» **Record set**
'''

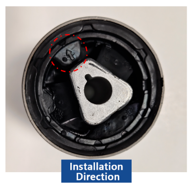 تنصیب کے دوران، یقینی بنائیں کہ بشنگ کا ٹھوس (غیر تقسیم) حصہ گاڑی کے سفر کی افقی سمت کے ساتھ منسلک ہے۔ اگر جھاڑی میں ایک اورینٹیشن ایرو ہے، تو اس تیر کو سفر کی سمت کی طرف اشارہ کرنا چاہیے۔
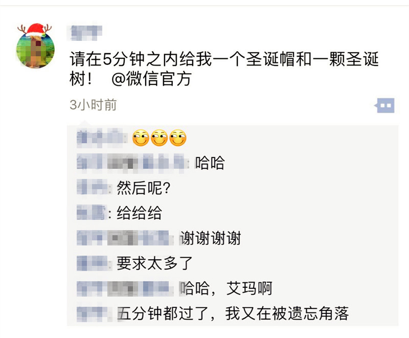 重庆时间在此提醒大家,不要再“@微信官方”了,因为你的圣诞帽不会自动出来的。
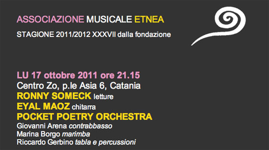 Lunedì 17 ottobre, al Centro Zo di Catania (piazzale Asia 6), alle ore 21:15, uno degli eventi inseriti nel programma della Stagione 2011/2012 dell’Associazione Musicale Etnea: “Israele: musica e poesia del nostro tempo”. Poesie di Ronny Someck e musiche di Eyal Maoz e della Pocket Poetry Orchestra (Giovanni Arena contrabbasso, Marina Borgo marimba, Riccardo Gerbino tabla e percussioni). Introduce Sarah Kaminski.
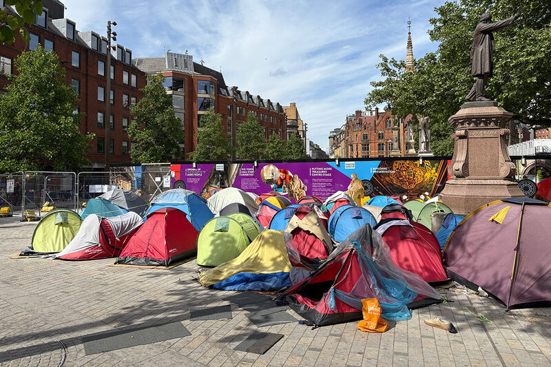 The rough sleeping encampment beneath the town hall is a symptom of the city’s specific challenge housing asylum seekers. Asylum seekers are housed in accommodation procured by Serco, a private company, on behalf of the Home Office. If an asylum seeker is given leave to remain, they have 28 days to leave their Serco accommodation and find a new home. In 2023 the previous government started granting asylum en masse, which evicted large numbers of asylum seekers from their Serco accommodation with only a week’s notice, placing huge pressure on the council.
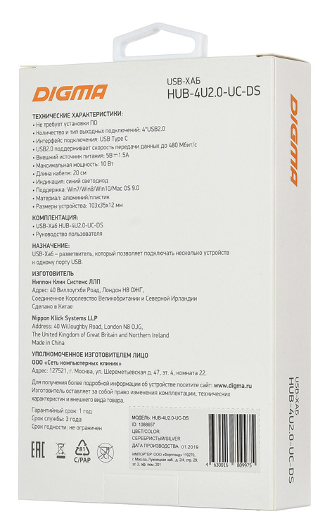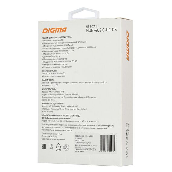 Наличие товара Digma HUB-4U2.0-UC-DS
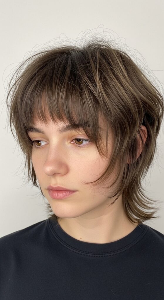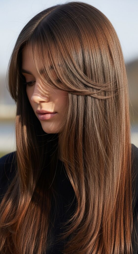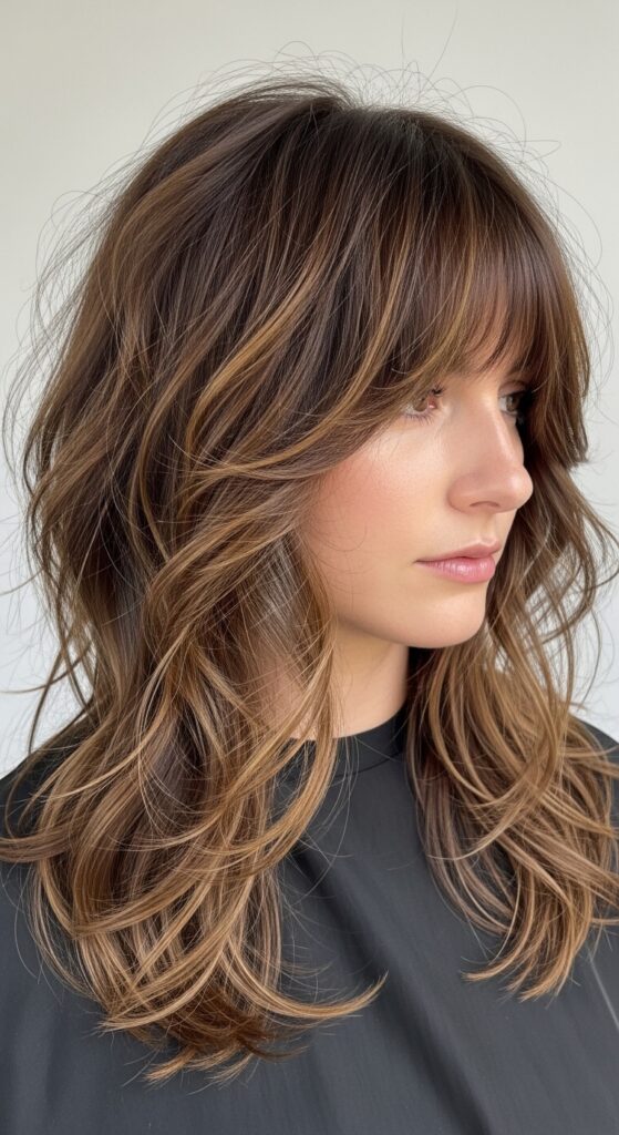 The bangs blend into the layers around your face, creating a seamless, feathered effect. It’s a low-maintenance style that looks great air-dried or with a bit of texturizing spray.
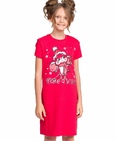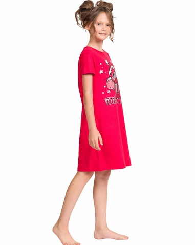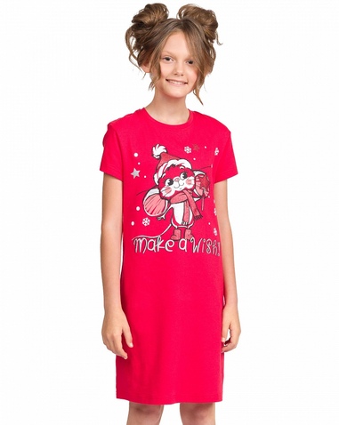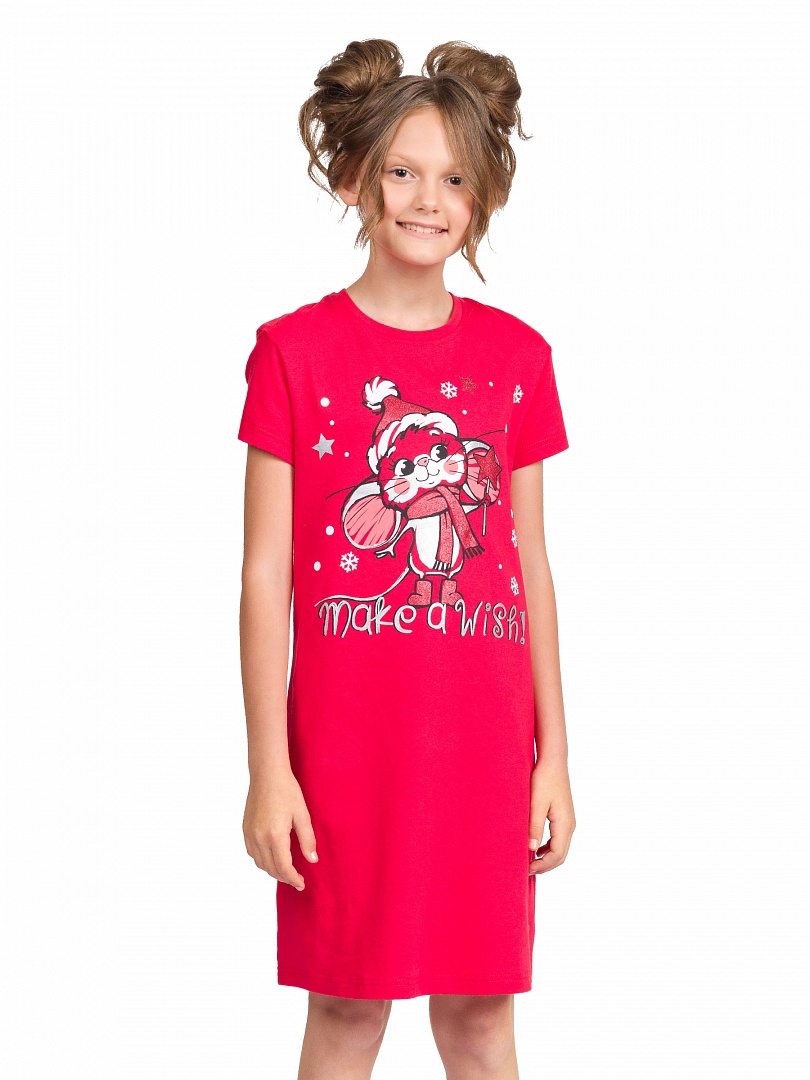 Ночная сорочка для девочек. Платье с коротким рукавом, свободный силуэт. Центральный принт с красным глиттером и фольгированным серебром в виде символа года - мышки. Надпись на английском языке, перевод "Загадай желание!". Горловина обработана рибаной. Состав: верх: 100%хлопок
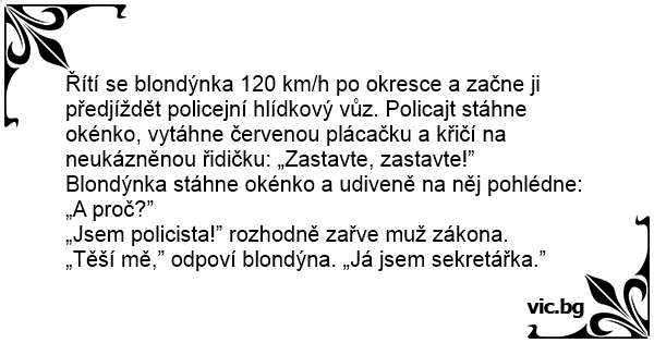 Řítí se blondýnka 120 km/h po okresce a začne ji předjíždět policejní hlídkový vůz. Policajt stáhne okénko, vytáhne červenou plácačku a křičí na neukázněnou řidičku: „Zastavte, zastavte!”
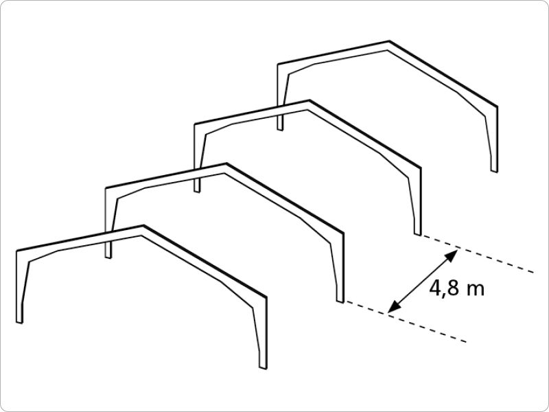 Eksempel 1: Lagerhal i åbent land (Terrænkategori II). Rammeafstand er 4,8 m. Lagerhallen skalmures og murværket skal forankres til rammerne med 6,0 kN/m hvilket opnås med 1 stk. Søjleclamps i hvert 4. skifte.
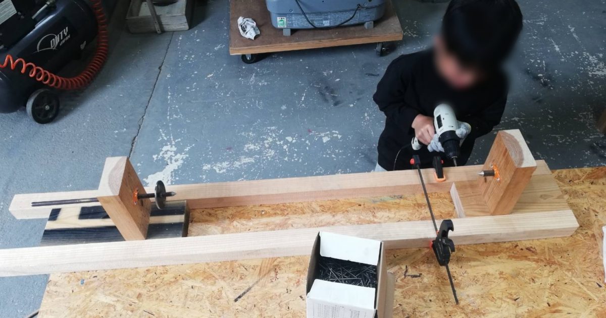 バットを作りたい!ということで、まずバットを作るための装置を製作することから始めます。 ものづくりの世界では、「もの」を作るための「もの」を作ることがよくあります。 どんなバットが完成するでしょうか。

'''
'''

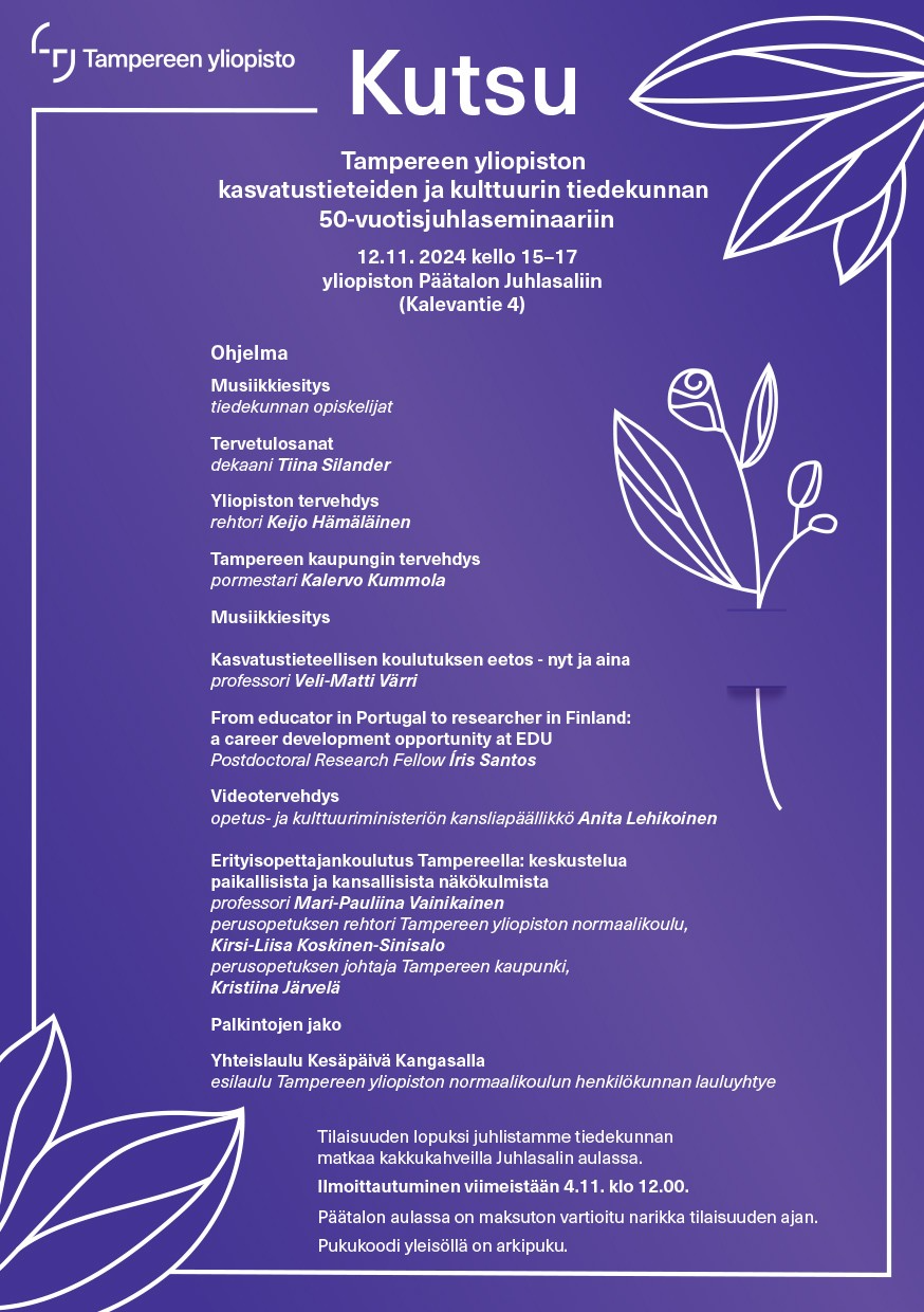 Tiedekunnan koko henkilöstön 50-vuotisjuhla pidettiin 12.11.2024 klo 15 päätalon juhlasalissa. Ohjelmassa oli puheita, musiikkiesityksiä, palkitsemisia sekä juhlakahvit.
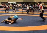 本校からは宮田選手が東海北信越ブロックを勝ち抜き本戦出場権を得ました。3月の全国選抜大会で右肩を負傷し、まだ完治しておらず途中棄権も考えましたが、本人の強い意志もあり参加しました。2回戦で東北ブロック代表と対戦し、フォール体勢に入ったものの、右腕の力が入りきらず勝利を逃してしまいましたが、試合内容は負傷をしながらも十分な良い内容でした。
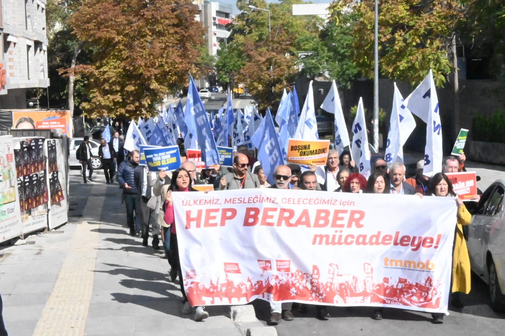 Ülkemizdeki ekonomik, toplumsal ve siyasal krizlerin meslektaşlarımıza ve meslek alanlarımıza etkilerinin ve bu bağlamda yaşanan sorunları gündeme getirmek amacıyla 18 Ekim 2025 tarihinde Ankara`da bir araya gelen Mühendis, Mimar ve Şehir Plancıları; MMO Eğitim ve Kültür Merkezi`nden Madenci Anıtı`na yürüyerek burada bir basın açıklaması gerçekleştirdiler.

'''

» **Brief**
Would you copy, word for word, only the lines above from the one containing "Ночная сорочка для" through the one containing "Řítí se blondýnka", both included, and please leave out the pictures?

» **Answer for the task**
 Ночная сорочка для девочек. Платье с коротким рукавом, свободный силуэт. Центральный принт с красным глиттером и фольгированным серебром в виде символа года - мышки. Надпись на английском языке, перевод "Загадай желание!". Горловина обработана рибаной. Состав: верх: 100%хлопок
 Řítí se blondýnka 120 km/h po okresce a začne ji předjíždět policejní hlídkový vůz. Policajt stáhne okénko, vytáhne červenou plácačku a křičí na neukázněnou řidičku: „Zastavte, zastavte!”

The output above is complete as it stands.